Silk is a soft, lustrous fiber taken from the cocoon of the silkworm. Silk garments are delicate and can be easily damaged. Read the care label in your garments. Some lightweight silks are hand washable in cool water with a mild detergent. Rinse several times to remove suds and never wring to remove water. Wringing can break the fibers. Dry flat.
If you have mishandled washable silk, it can lose its sheen and become dull. You can restore some of the shine by following these steps. The fabric will improve but will never be quite the same.
In a large sink or bucket, add one-fourth cup of white distilled vinegar to each gallon of lukewarm water. Mix well. Completely submerge the garment and swish around to completely soak the dress.
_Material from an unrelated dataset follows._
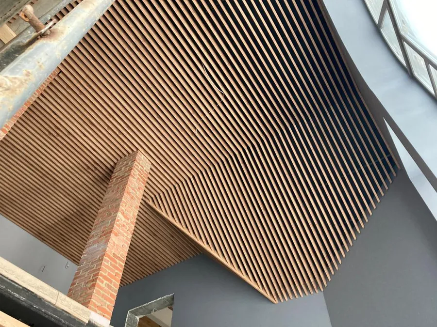 Кубообразные рейки изготавливаются из оцинкованной стали и алюминия и окрашиваются в любой из цветов RAL или имитирующий древесину по желанию заказчика

Remove from the vinegar water and rinse several times in clean water. Do not wring!
Spread the garment on a heavy clean white towel and roll up to absorb the water. Repeat with clean towels until much of the water is absorbed. Hang to air dry using a plastic hanger - no wood that can stain. Do not hang over direct heat or in the sun.
Iron the garment on the wrong side while still damp using a very low heat.
Professional cleaning is recommended for heavier and structured silk garments.
Extremely high temperatures when ironing can scorch silk. The scorching or yellowing occurs as the fibers begin to burn. Burned fibers cannot be revived.
Since silk is made of protein, it will dissolve in chlorine bleach. Even dilute solutions of chlorine bleach will cause permanent yellowing, color loss and weakening of silk. All stain removal products should be tested in an inconspicuous spot. For best results, take a stained silk garment to a professional dry cleaner.